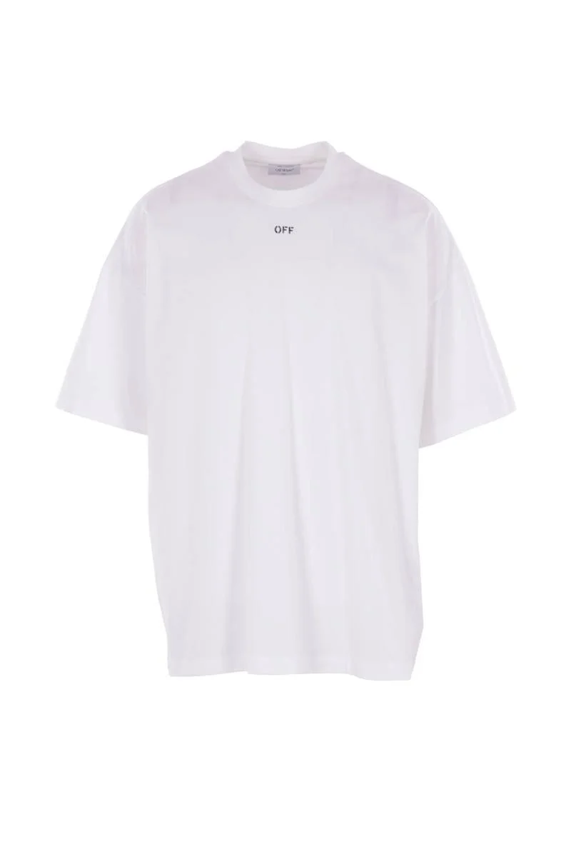 Off White oversized t-shirt crafted from white cotton jersey, featuring an Off print on the chest and Dots Logo print on the back. Designed with a crew neckline, short sleeves, and straight hem. Gender: Men Material: FABRIC 100% COTTON - RIB DETAILS 5% ELASTANE 95% COTTON Color: WHITE+BLACK Made in: Portugal Product ID: OMAA161F25JER0020110 *Import tax/duty will be calculated at checkout (If applicable)
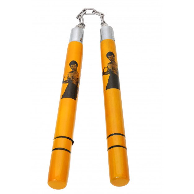 Vous êtes un véritable fan de Bruce Lee ? Budo-Fight fait votre bonheur en vous proposant ce nunchaku à chaîne en bois à l'effigie de cette star des arts martiaux. Un must à avoir chez vous !
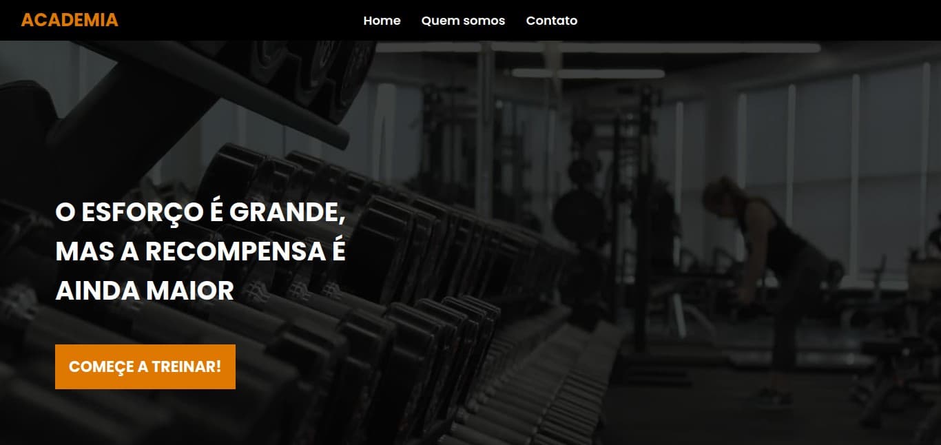 Um website de apresentação de uma academia, design desenvolvido por mim, apresenta os principais diferencias da academia, as suas atividades, sua localização e um formulário para contato.
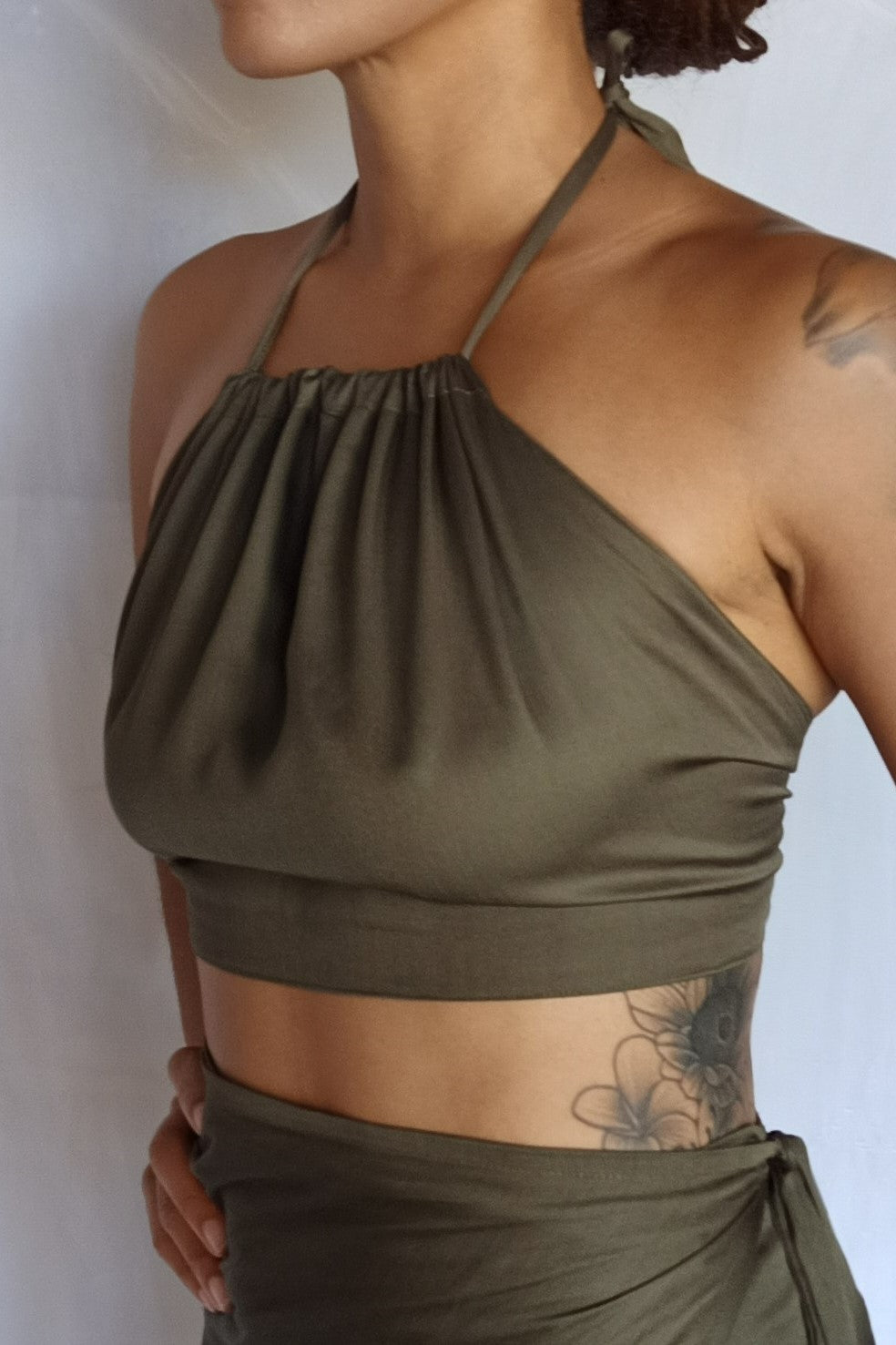 Our new Lyocell tree pulp eco fabric line includes this easy to wear tie back Halter Top. Available in Sage, Rust, Plum, Forest, Onyx and Snow. One size fits all, with matching skirts and pants. Check out all the Lyocell here.
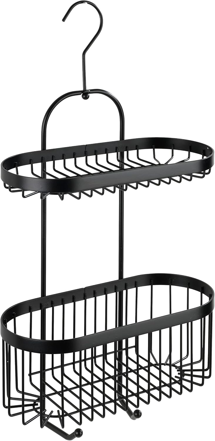 Moderner Ablagekorb für die Dusche mit beweglichem Haken für einfaches Aufhängen an Duschwand, Duschstange, Armatur Hochwertiger Rostschutz dank innovativer, schwarzer Spezial-Beschichtung, aus robustem Stahl Maße (B x H x T): 26,5 x 47 x 12,5 cm
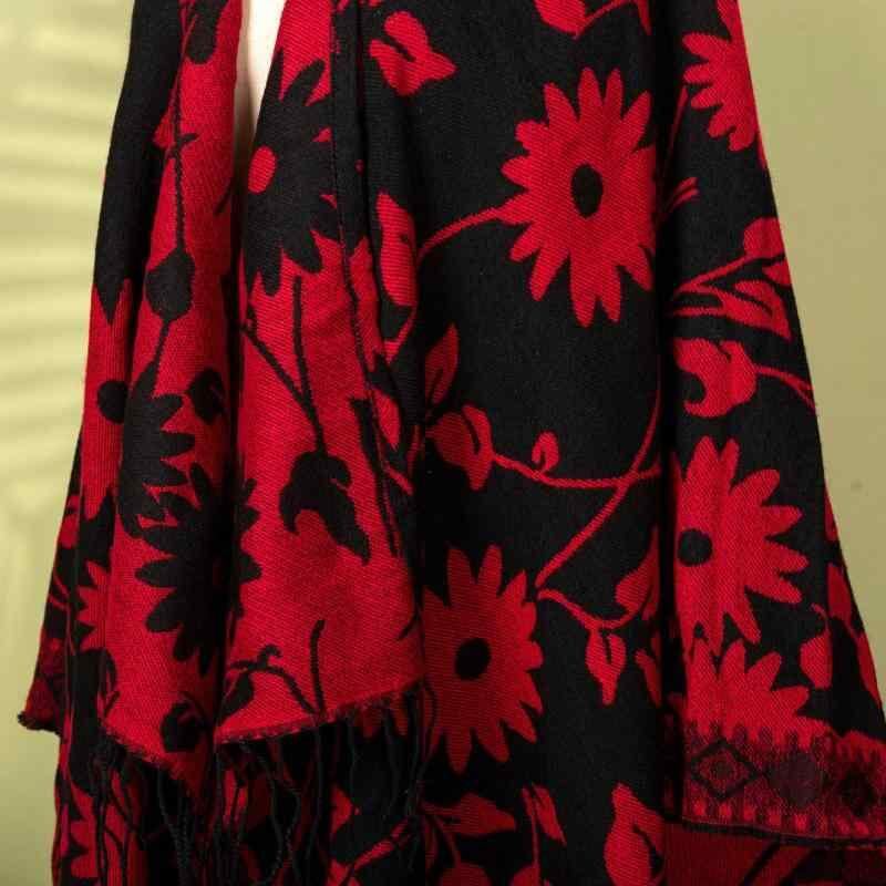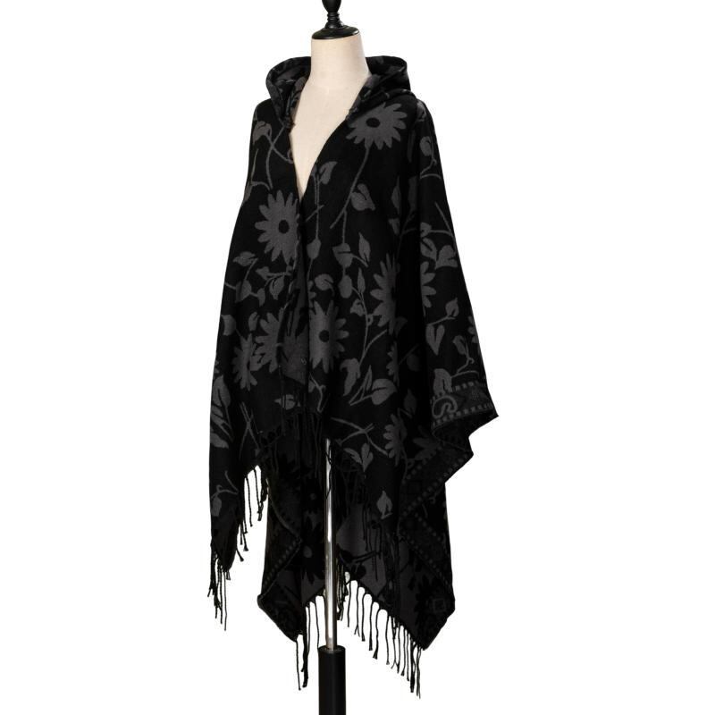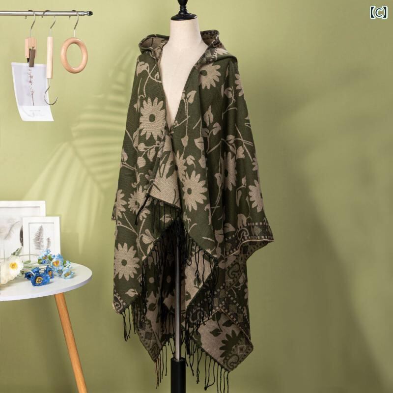 ポンチョ 男女兼用 レトロ 民族柄 エスニック 花柄 フード付き ケープ ショール マント ストール 多機能 保温 あったか ポリエステル アクリル 旅行 アウトドア 普段使い レッド ブラウン オリーブ ブラック
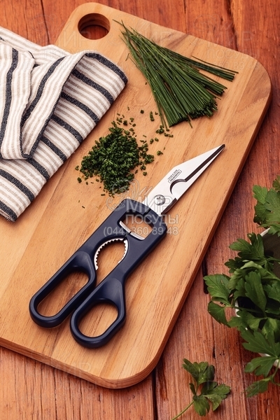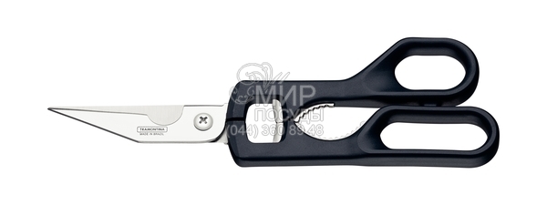 Кухонні ножиці Supercort від бразильського виробника Tramontina виготовлені з нержавіючої сталі 18/10. Завдяки фірмовому заточуванню, вони легко справляються з різкою навіть дуже щільних предметів. Пластикові чорні ручки зручні у використанні та не ковзають. Багатофункціональність інструменту забезпечують додаткові зубчики для розколювання горіхів. Ця модель стане незамінним помічником на Вашій кухні.
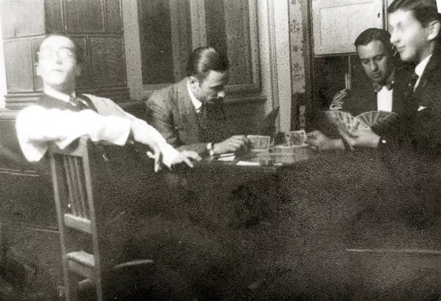 Auf diesem Foto sitzt ganz links mit der Brille mein Cousin Paul im Jahre 1928 mit Freunden im Kaffeehaus in Zemun beim Preferanzen.
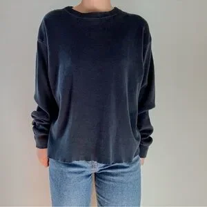 Thick and oversized long-sleeve top with a raw hem in navy blue.
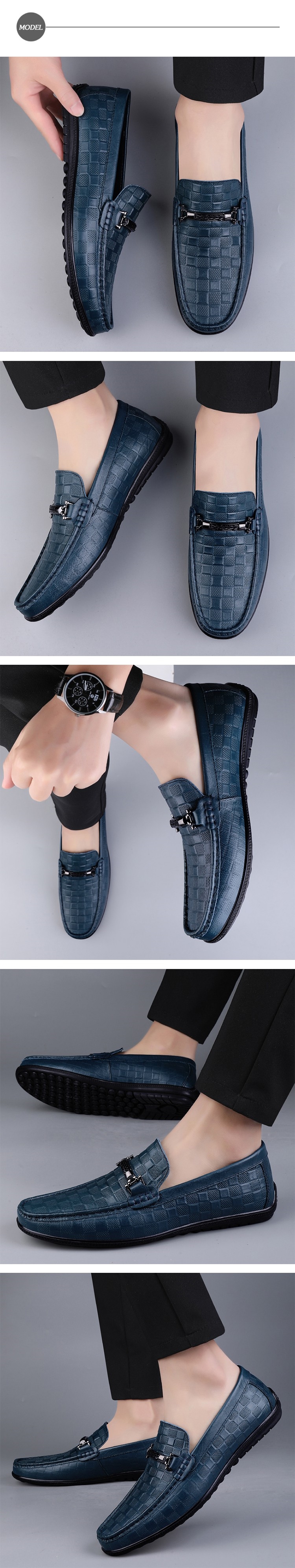 【ANSEL】樂福鞋 真皮樂福鞋/真皮頭層牛皮格子壓紋一字釦造型百搭樂福鞋 - 男鞋 藍
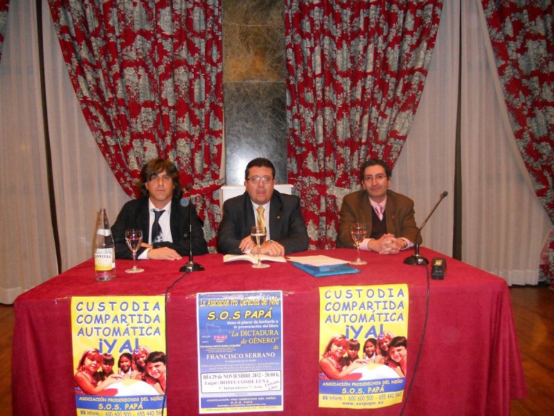 A pesar de los boicots de algunas instituciones locales y la prensa en León ,el efecto fué totalmente contrario,no hubo sitio y el aforo se quedó pequeño.Acompañaron a Serrano el abogado Fernando García y el presidente de SOS PAPÁ en León Juan Carlos Presa.Serrano con su habitual maestría fue detallando paso a paso los efectos y perversiones de la dictadura e ideología de género de esta España del siglo XXI.Psicólogos,policias,asistentes sociales,médicos ,jueces, fiscales,profesores de enseñanza y gente de otras profesiones vieron claramente el engaño que se está cometiendo día tras día en todos los medios de comunicación que tras una apariencia de verdad absoluta no les importa mentir con tal de seguir manteniendo el negocio que se econde de la ideología de género.Los datos de nuncias falsas detallados en la sala eran abrumadoramente escandalosos.Se sigue jugando con el dinero de miles de ciudadanos que se están quedando hasta sin vivienda,eso si, para mantener el negocio del maltrato, aparte de vulnerar los derechos fundamentales de esta asociación y negar la información a la gente, se quiere continuar con el chollo sin importarles el sufrimiento de mujeres realmente maltratadas y de hombres maltratados a los que se deja sin hijos y en la ruina.
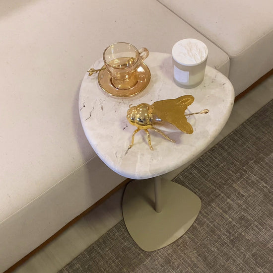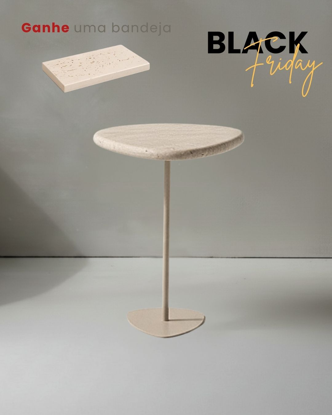 Com medida de 33cm de diâmetro, o tampo possui acabamento boleado nas bordas com 2cm de espessura, ressaltando o brilho e a elegância da pedra. A sustentação é feita por uma haste em aço carbono com pintura eletrostática, disponível em duas opções de alturas (55cm e 60cm), unindo estabilidade, resistência e design sofisticado.
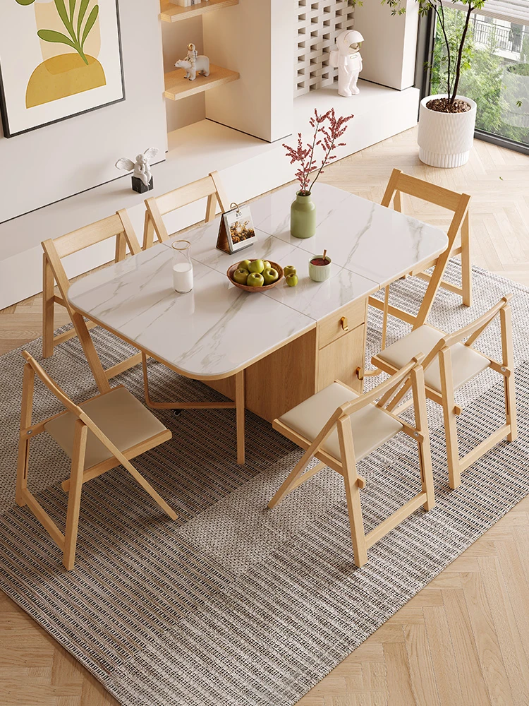 [Free Shipping in Hong Kong] Modern Minimalist Expandable Folding Rock Plate Dining Table and Chair Set - Perfect for Small Spaces
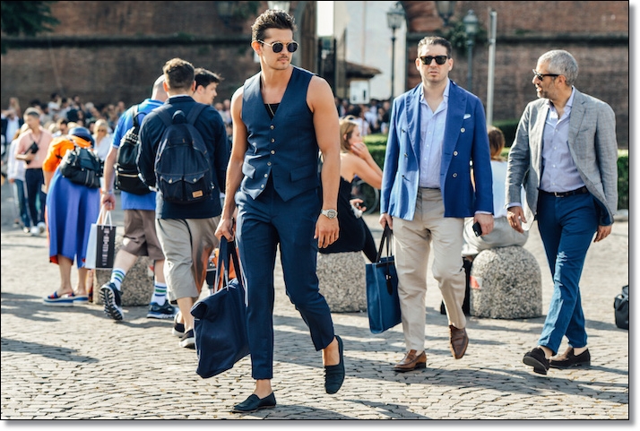 重點整理一下,所以一個完整的夏季紳士造型大概會有這些條件:敞開的胸膛 + 輕薄的材質 + 鮮豔的色彩 + 多元的配件 + 縮短的褲長
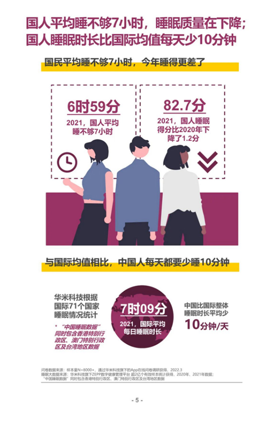 無(wú)從打破的睡眠障礙,難以獲得的優(yōu)質(zhì)睡眠,成為了大眾的新焦慮。根據(jù)《2022國(guó)民深睡&運(yùn)動(dòng)生活方式白皮書》的數(shù)據(jù)統(tǒng)計(jì),八成以上國(guó)人有睡眠障礙,在2021年一整年中,國(guó)人平均睡不夠7小時(shí),實(shí)際平均睡眠時(shí)長(zhǎng)僅為6小時(shí)59分,離“睡眠新國(guó)標(biāo)”的及格線僅差1分鐘。
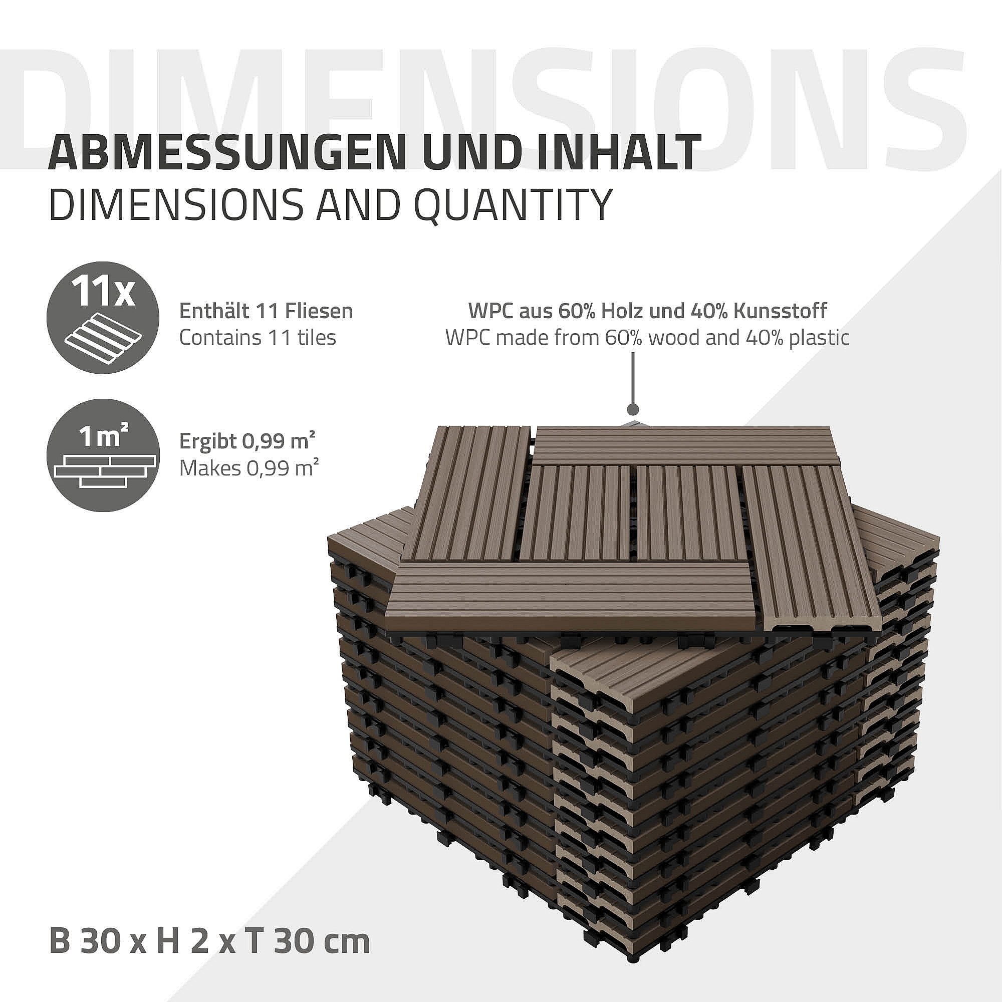 WPC Carreaux 30x30 cm 33 Pièces par 3m² avec Aspect Bois ECD Germany

Try it: Above are some records. Output exactly the lines from the one that contains "Thick and oversized" to the one that contains "真皮樂福鞋/真皮頭層牛皮格子壓紋一字釦造型百搭樂福鞋 - 男鞋 藍", keeping both, and omit the pictures.

Completed task:
 Thick and oversized long-sleeve top with a raw hem in navy blue.
 【ANSEL】樂福鞋 真皮樂福鞋/真皮頭層牛皮格子壓紋一字釦造型百搭樂福鞋 - 男鞋 藍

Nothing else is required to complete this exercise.